JAZZ AT BERLIN PHILHARMONIC – MEDITERRANEO
(ACT/Planet)
8.5/10
Collaborations between jazz musicians and orchestras generally flatter neither party. The classical players, who signed on to perform Mozart and Mahler, are reduced to playing lame backgrounds, while the jazz players are straightjacketed by the surrounding inflexibility. This album breaks that mould, in the process drawing together Italian music ranging from Monteverdi to Rota, Morricone, Rossini, Leoncavallo and Puccini. The stars align with the right arranger/conductor (Norway’s Geir Lysne), the right orchestra (Berlin Philharmonic), the right featured guest (the exceptional French accordionist Vincent Peirani) and the right jazz trio (pianist Stefano Bollani, bassist Jesper Bodilsen and drummer Martin Lund).
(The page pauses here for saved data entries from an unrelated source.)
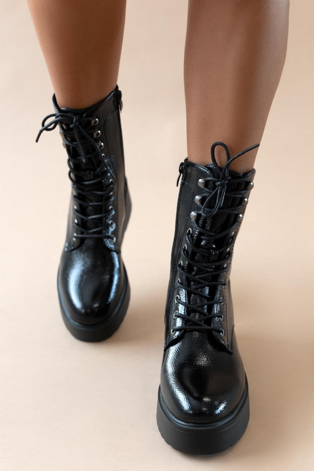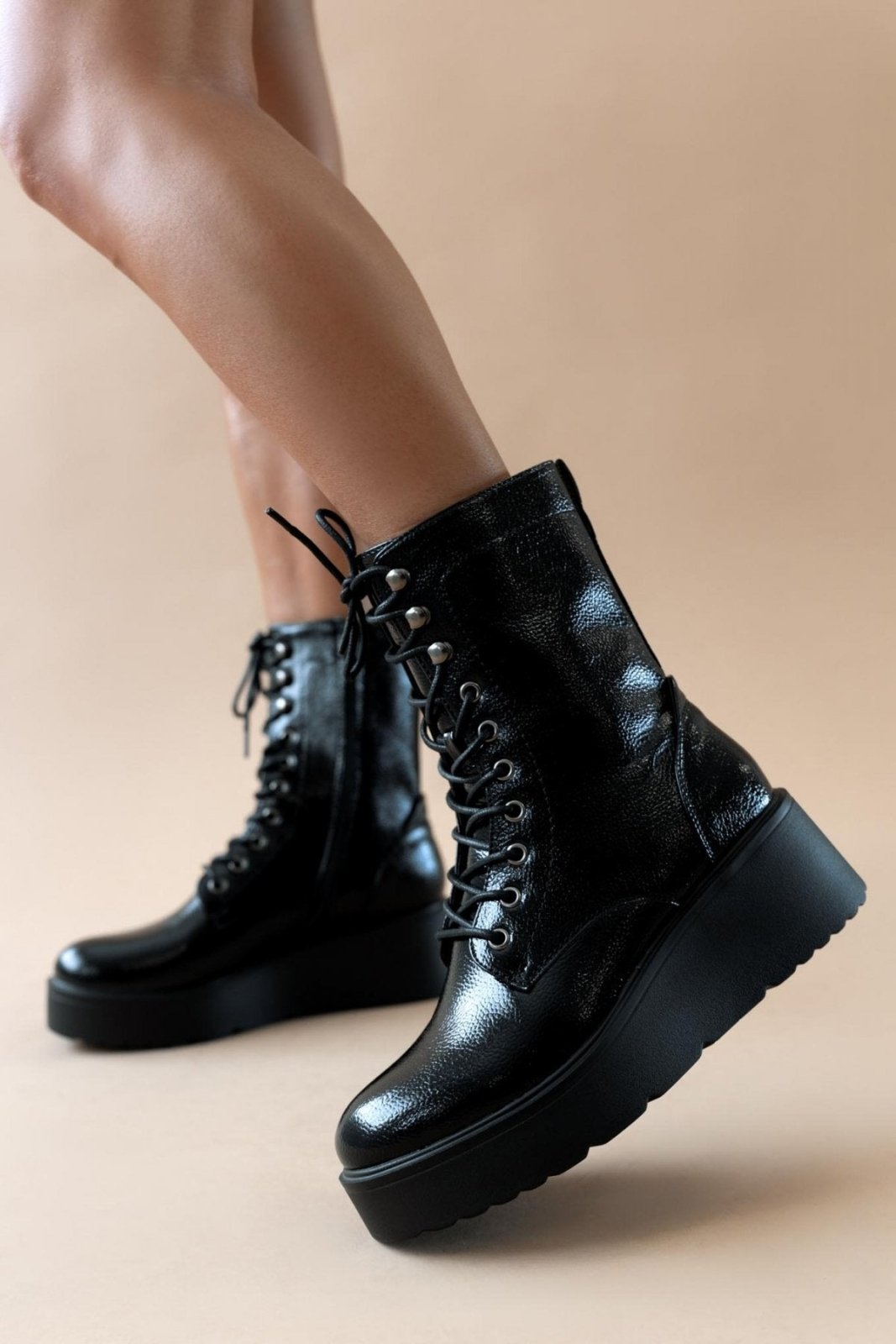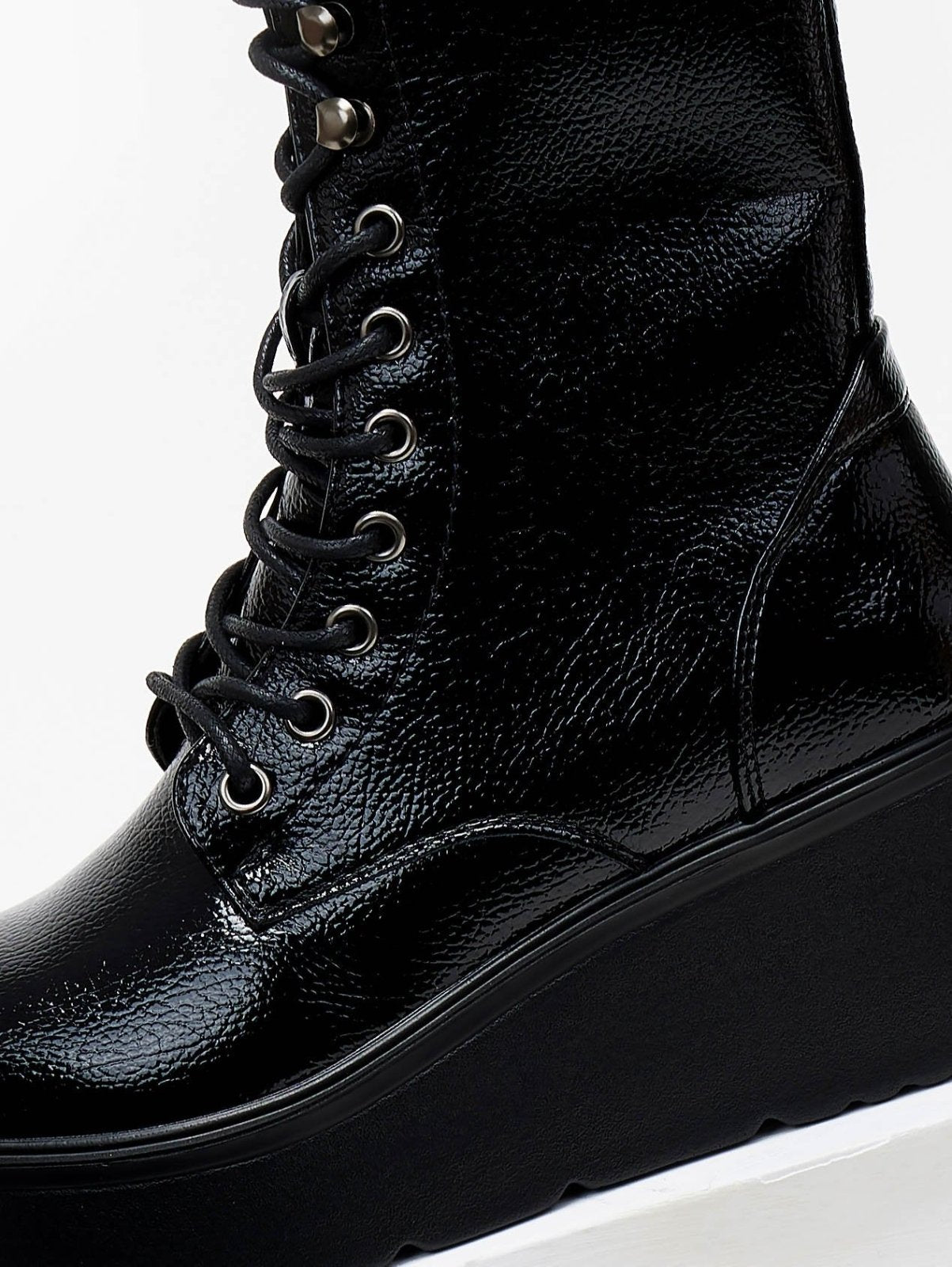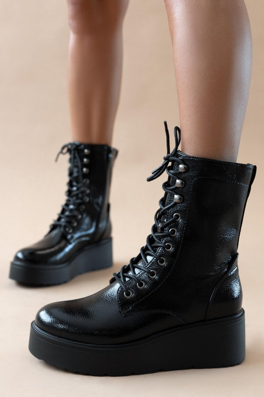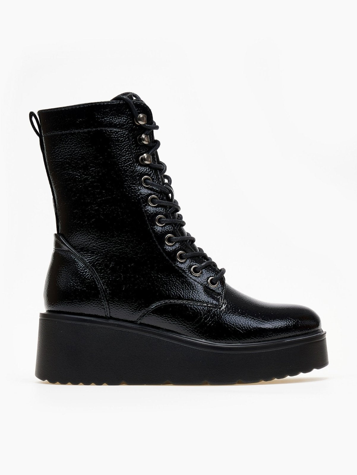 Αρβυλάκια flatforms λουστρίνι με ψηλή σόλα. Προσαρμόζονται με κορδόνια. Κλείνουν με φερμουάρ στο πλάι.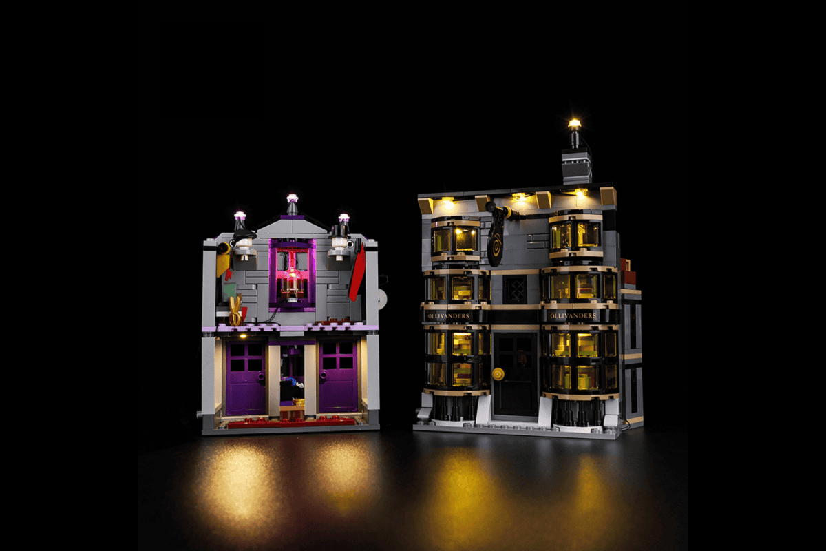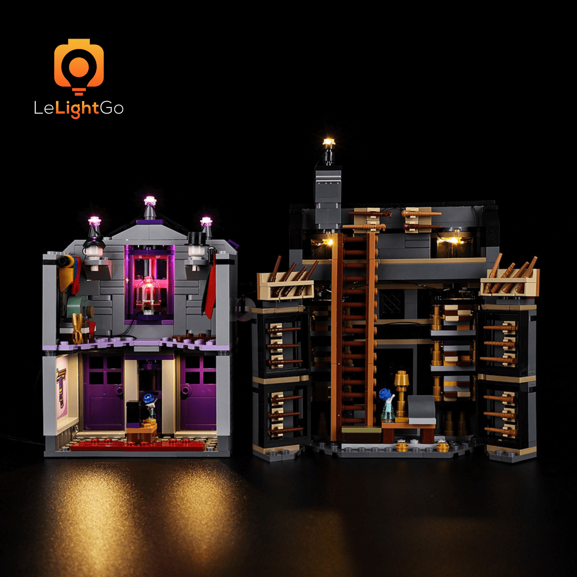 Bring magical shine to your Ollivanders & Madam Malkin's Robes 76439. This lighting kit is designed especially for the Lego Harry Potter Ollivanders & Madam Malkin's Robes 76439. This highly detailed Lego model is a spectacle in itself, but when paired with the LeLightGo lighting kit, the charming model comes alive, not only during the day but also at night.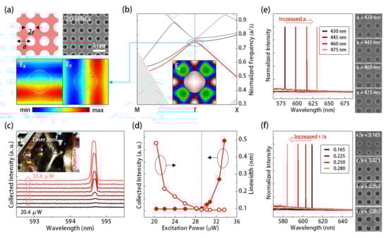 Figure 2a shows the scanning electron microscope (SEM) image of the 2D SPhCs on a dye-doped PMMA, manufactured by the process in Figure 1b, which is within an area of 50a × 50a. We excited it by using a 532 nm laser pulse with a pulse width of 0.5 ns, a repetition rate of 1 kHz, and a spot size of 8 μm in diameter, at room temperature. Figure 2c and its inset show the measured spectra under excitation powers from 20.4 to 33.6 μW and the picture of light emission (the orange light spot) from the dye-doped PMMA film with 2D SPhCs under excitation. Figure 2d further shows the collected power (light-in-light-out (L-L) curve) and spectral linewidth variations of the optical emissions of the 2D SPhCs under different excitation powers. The curves’ bending clearly indicate the lasing action with a threshold of 29 μW. To prove this lasing action comes from the Γ1 BE mode, instead of the dye itself, we further characterized the emissions from 2D SPhCs with different lattice parameters. In Figure 2e, for the 2D SPhCs with a fixed r/a of 0.26 and increased a from 430 to 475 nm, the lasing wavelengths showed significant red shifting. Furthermore, in Figure 2f, with a fixed a of 445 nm, the lasing wavelengths of 2D SPhCs showed a blue shifting when the r/a increased from 0.165 to 0.28. These wavelength shifts, caused by different lattice parameters, are the features of photonic modes in PhCs. It thus confirms the laser emissions come from the Γ1 BE mode in 2D SPhCs.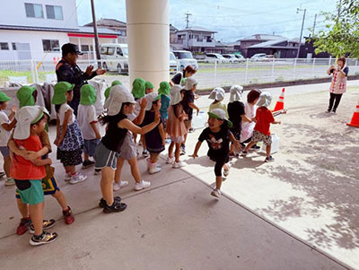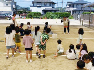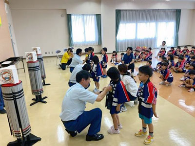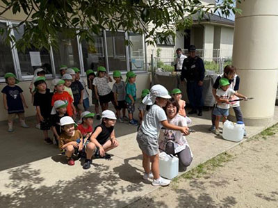 令和7年6月16日(日)から7月11日(金)の期間に姶良市内の各園(所)、各小学校において、(一財)日本防火・防災協会との共催により模擬消火大会を実施しました。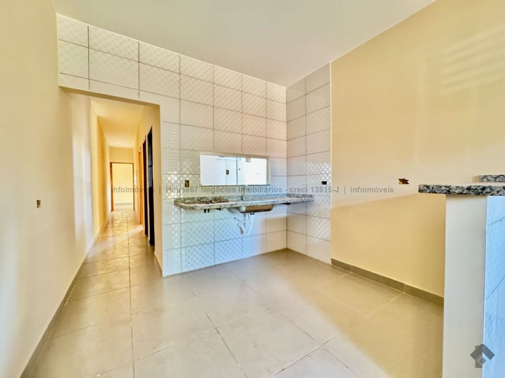O imóvel possui: sala, cozinha integrada, dois quartos, banheiro social, vaga de garagem ampla, área construída de 60,00 m², área de terreno de 120,00 m².

Bollani is not only among the most captivating pianists alive, he is probably jazz’s most effervescent musician on any instrument, and he digs the playfulness out of Rota’s Amacord and Rossini’s Largo al factotum with all the joy of a child in a sandpit. Meanwhile Lysne gives the 14 august orchestra members meaty arrangements that amplify the improvising flair rather than constraining it. If you ever doubted the truth that all music is one, this will convince you.